Fluctuations in the exchange rate between the US dollar and the NT dollar may affect the US dollar value of the Company’s common shares and the market price of the Company’s American Depositary Shares (ADSs) and of any cash dividends paid in NT dollars on TSMC’s common shares represented by ADSs.
- Inflation & Deflation
The world economy is becoming more vulnerable to sudden unexpected fluctuations in inflationary and deflationary market expectations and conditions. For example, certain structural changes that resulted from the global financial crisis in 2008-2009 and EU sovereign debt crises, such as highly accommodative monetary policies by major central banks worldwide, may cause variations in the expectation of inflation or deflation. Both high inflation and deflation adversely affect an economy, at both the macro and micro levels, by reducing economic efficiency, disrupting saving and investment decisions and reducing the efficiency of the market prices as a mechanism to allocate resources. Such fluctuations may negatively affect the costs of TSMC’s operations and the business operations of its customers who may be forced to plan their purchases of TSMC’s goods and services within an uncertain macro and micro economy. Therefore, the demand for TSMC’s products and services could unexpectedly fluctuate severely in accordance with market and consumer expectations of inflation or deflation.

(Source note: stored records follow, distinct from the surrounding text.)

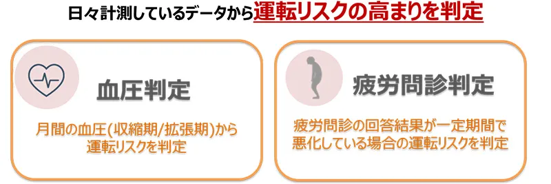 - 1ヵ月以上蓄積された血圧値、疲労問診の結果を用いて、運転リスクの高まりを判定します(※2)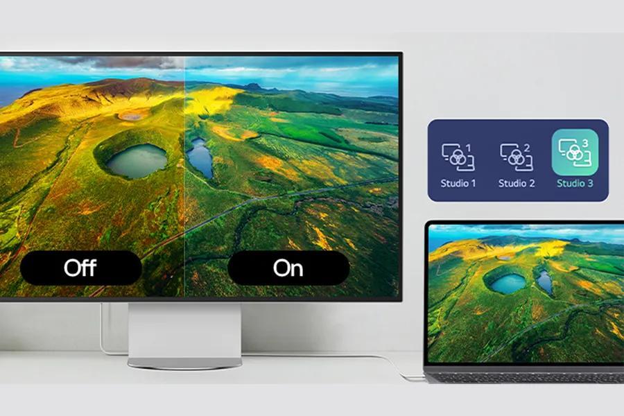 Built for Mac compatibility, Studio Mode offers three calibrated color presets that fine-tune your UltraFine evo 6K display for a more consistent, unified viewing experience. It adjusts subtle tone variations, helping ensure your screen stays consistent with your creative intent-from edge to edge.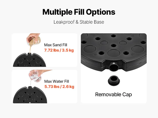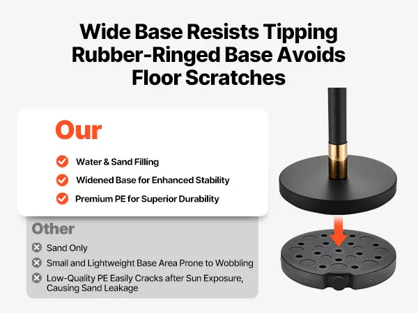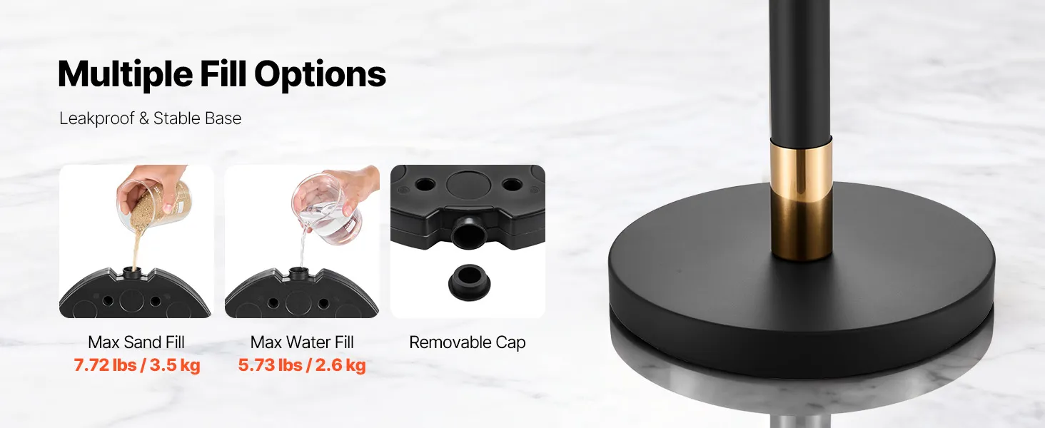 Befüllbarer und bodenschonender Sockel: Befüllen Sie jeden Sockel mit Wasser oder Sand (bis zu 5,73 lbs / 2,6 kg bzw. 7,72 lbs / 3,5 kg) und verlassen Sie sich auf den Gummiring, der ein Umkippen verhindert und gleichzeitig Ihren Boden schützt.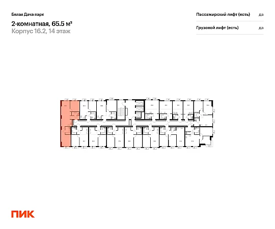 Продаётся 2-комн.квартира площадью 65.50 кв.м на 14 этаже 25 этажного дома (Корпус 16.2, секция 5) проекта ПИК Белая Дача парк. Светлый просторный подъезд на уровне земли, функциональная планировка, большие окна, с отделкой.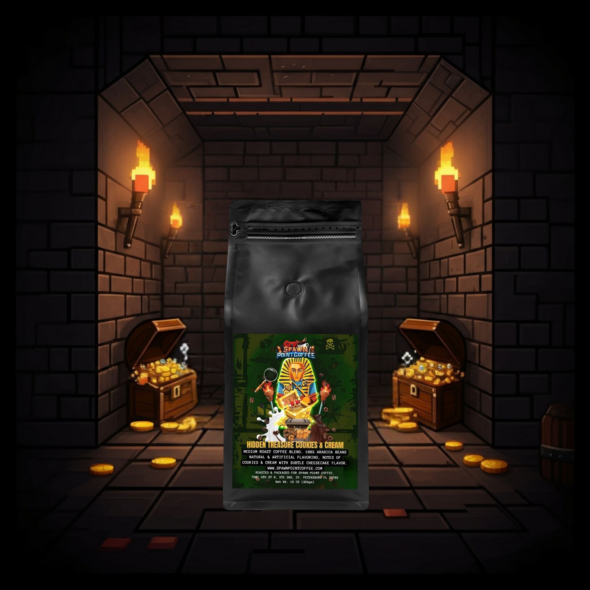 Congratulations, explorers! The hunt for your Hidden Treasure is finally over. Welcome to the delicious world of Cookies and Cream, now available in a cup of medium roast coffee. Let us take you on a journey filled with chocolatey flavor and sweet cream!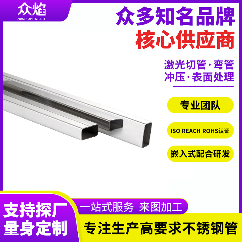 Труба прямоугольная из нержавеющей стали 304, плоская труба, квадратная труба из стали 304, без нарезки, оптом, коррозионностойкая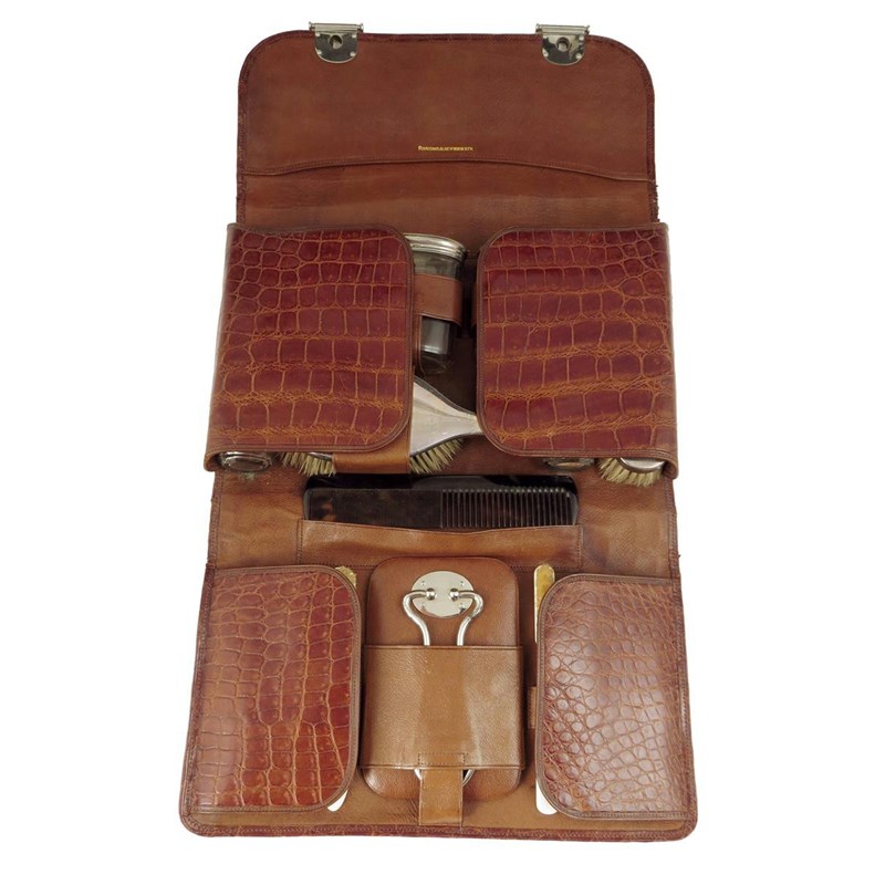 λ An Edwardian crocodile skin gentleman's dressing set by Finnigans

Risks Associated with External Financing
Capital requirements are difficult to plan in the highly dynamic, cyclical and rapidly changing semiconductor industry. From time to time and increasingly so for the foreseeable next few years, TSMC will continue to need significant capital to fund its operations and manage its capacity in accordance with market demand. TSMC’s continued ability to obtain sufficient external financing is subject to a variety of uncertainties, including:
- its future financial condition, results of operations and cash flow;
- general market conditions for financing activities;
- market conditions for financing activities of semiconductor companies; and
- social, economic, financial, political and other conditions in Taiwan and elsewhere.
Sufficient external financing may not be available to the Company on a timely basis, on reasonable market terms, or at all. As a result, TSMC may be forced to curtail its expansion and modification plans or delay the deployment of new or expanded services until it obtains such financing.

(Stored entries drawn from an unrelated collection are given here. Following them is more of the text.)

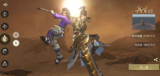 兵家是游戏里唯一的坦克,也是副本必要的角色(高难度副本必备),着重于副本PVE,PVP在团战中才会有发挥特点,铁甲战曲属于防御坦克,承担前排对BOSS的抗伤,风雷策作为一个输出类坦克,有一定的输出能力。因为对战力和属性有所要求,不推荐0氪玩家使用。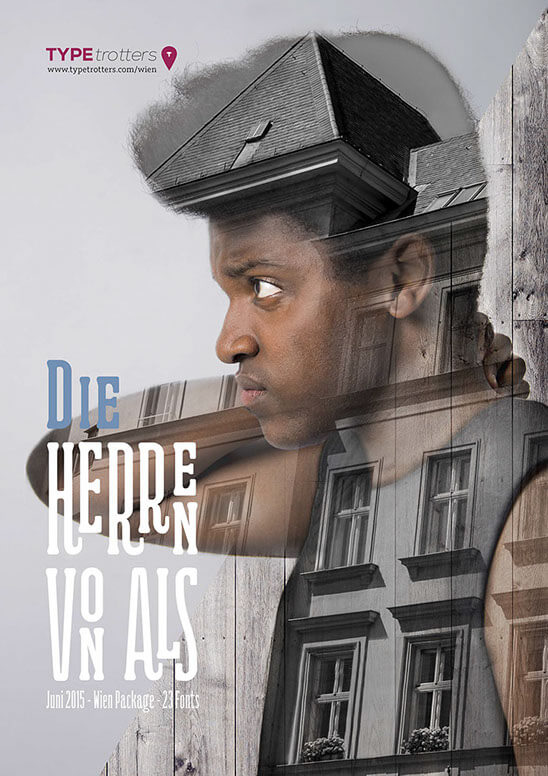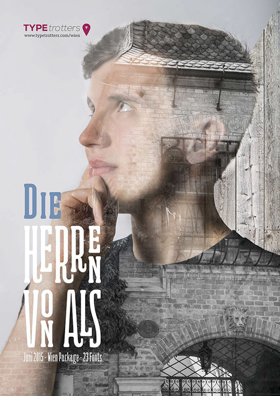 There is a fictive font seller which is specialized in selling city themed font packages. This package is about Vienna. In this case the font is influenced by the 17th district – Hernals. The name of the district comes from an old knight strain „Herren von Als“ (the men of river Als). Now the river lies underground and the district has a high immigration rate, mainly young people. I wanted to represent these young people – the modern men of Als.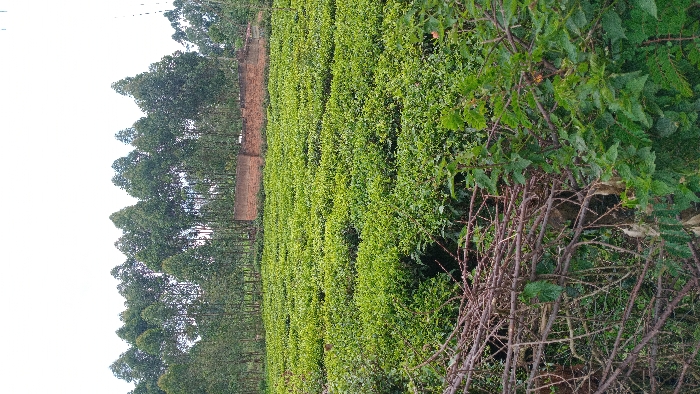 The image depicts an agricultural landscape in Gesima ward, Kenya, under an overcast sky. In the foreground, a dense cluster of dry, thorny branches and green foliage forms a natural barrier. The midground features an extensive, well-maintained tea plantation arranged in orderly rows of vibrant green bushes. In the background, a dense line of tall, slender evergreen trees, consistent with eucalyptus, stands against the horizon. Partially visible behind these trees is a low-rise structure composed of unfinished red brick walls. No individuals, animals, or specific actions are discernible within the frame.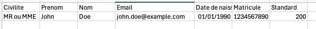 - Les collaborateurs qui ont déjà été créés sur Services à la personne apparaissent dans le fichier. Remplissez simplement la colonne pour renseigner le montant à allouer (dans l'exemple en image, la dotation s'appelle Standard - sur votre fichier, vous retrouverez le nom de votre propre dotation).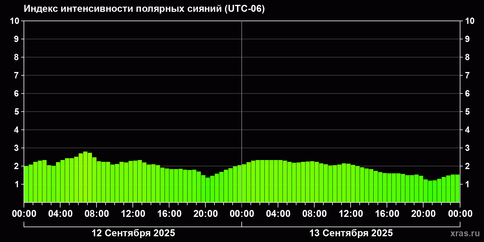 Изменения индекса интенсивности полярных сияний с 2025-09-12 по 2025-09-13 по местному времени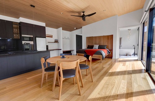 Welcome to this stunning holiday retreat – a modern and exquisitely decorated studio perched atop the serene shoreline, offering picturesque views of the Picnic Bay. Nestled within a charming family farm that thrives with sheep and bustling rural business, this idyllic escape promises a blend of contemporary comfort and rustic charm.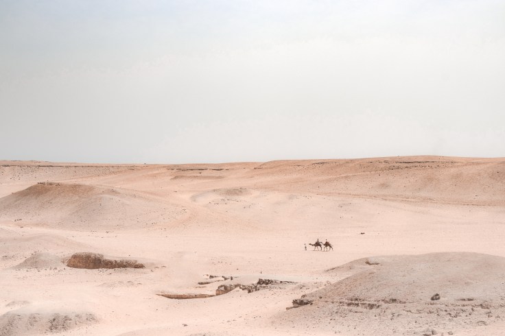 Camel Riders making their way through the Sahara desert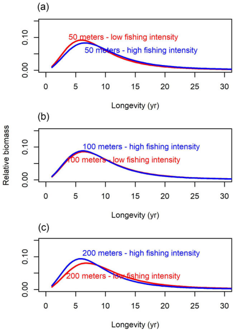 模型显示海底群落呈现深度分异现象:在>100米的外大陆架,拖网强度增加使群落向短寿命物种转变;而在<100米的浅海区却出现反常的寿命延长趋势。这归因于软珊瑚(Alcyonium palmatum)和海笔(Pennatula spp.)等中长寿物种的顽强存在,它们通过幼虫扩散和快速定居在拖网干扰中幸存。

Risks Associated with High-risk/High-leveraged Investment; Lending, Endorsements, and Guarantees for Other Parties; and Financial Derivative Transactions
TSMC did not make high-risk or high-leveraged financial investments during 2012 and up to the date of this report. The Board approved TSMC’s provision of a guarantee to TSMC Global, a wholly-owned subsidiary of TSMC, for its issuance of US dollar-denominated senior unsecured corporate bonds for an amount not to exceed US$1,500 million at its Meeting on February 5, 2013. As of February 28, 2013, TSMC had an intercompany loan of US$160.5 million arranged among the Company’s subsidiaries, which was in compliance with relevant rules and regulations.
The financial transactions of a “derivative” nature that TSMC entered into were strictly for hedging purposes and not for any trading or speculative purpose. For more information, please refer to Financial Report. The fair market value of our trading and available for sale financial securities are subject to prevailing market conditions and may fluctuate from TSMC’s carrying value from time to time, which may impact the returns of those securities.

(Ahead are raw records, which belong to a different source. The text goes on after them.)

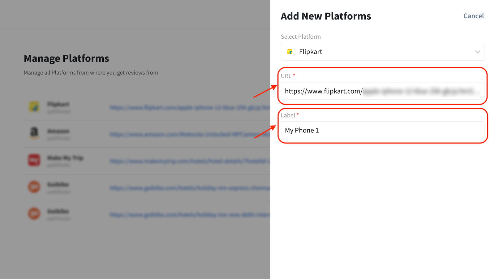 6. Enter your Flipkart listing’s URL and provide a name for your reference.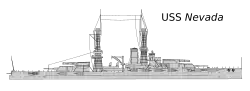 Nevada was the first battleship in the US Navy to have triple gun turrets,[13][17] a single funnel,[18] and an oil-fired steam power plant.[16][19] In particular, the use of the more-efficient oil gave the ship an advantage over earlier coal-fired plants.[11] Nevada was also the first US battleship with geared turbines, which also helped increase fuel economy and thus range compared to earlier direct drive turbines. The ability to steam great distances without refueling was a major concern of the General Board at that time. In 1903, the Board felt all American battleships should have a minimum steaming radius of 6,000 nmi (11,000 km) so that the US could enforce the Monroe Doctrine. One of the main purposes of the Great White Fleet, which sailed around the world in 1907–1908, was to prove to Japan that the US Navy could "carry any naval conflict into Japanese home waters". Possibly as a result of this, battleships after 1908 were mainly designed to "steam 8,000 miles at cruising speeds"; given the distance between San Pedro, where the fleet would be based, and Manila, where the Fleet was expected to have to fight under War Plan Orange, was 6,550 nmi (7,540 mi; 12,130 km),[20] endurance was obviously a major concern for the U.S. Navy.[21][22] Also, oil allowed for the boiler-room crew to be reduced[23]—the engineer on Delaware estimated that 100 firemen (stokers) and 112 coal passers could be adequately replaced by just 24 men, which would allow some crew's quarters to be eliminated; this would save weight and also reduce the amount of fresh water and provisions that the ship would have to carry.[24]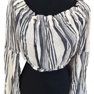 New with tags Live 4 Truth navy/cream off shoulder crop top with bell sleeve XL

To control various types of financial transactions, the Company has established internal policies and procedures based on sound financial and business practices, all in compliance with the relevant rules and regulations issued by the Taiwan Securities and Futures Bureau. TSMC policies and procedures include “Policies and Procedures for Financial Derivative Transactions,” “Procedures for Lending Funds to Other Parties,” “Procedures for Acquisition or Disposal of Assets,” and “Procedures for Endorsement and Guarantee”.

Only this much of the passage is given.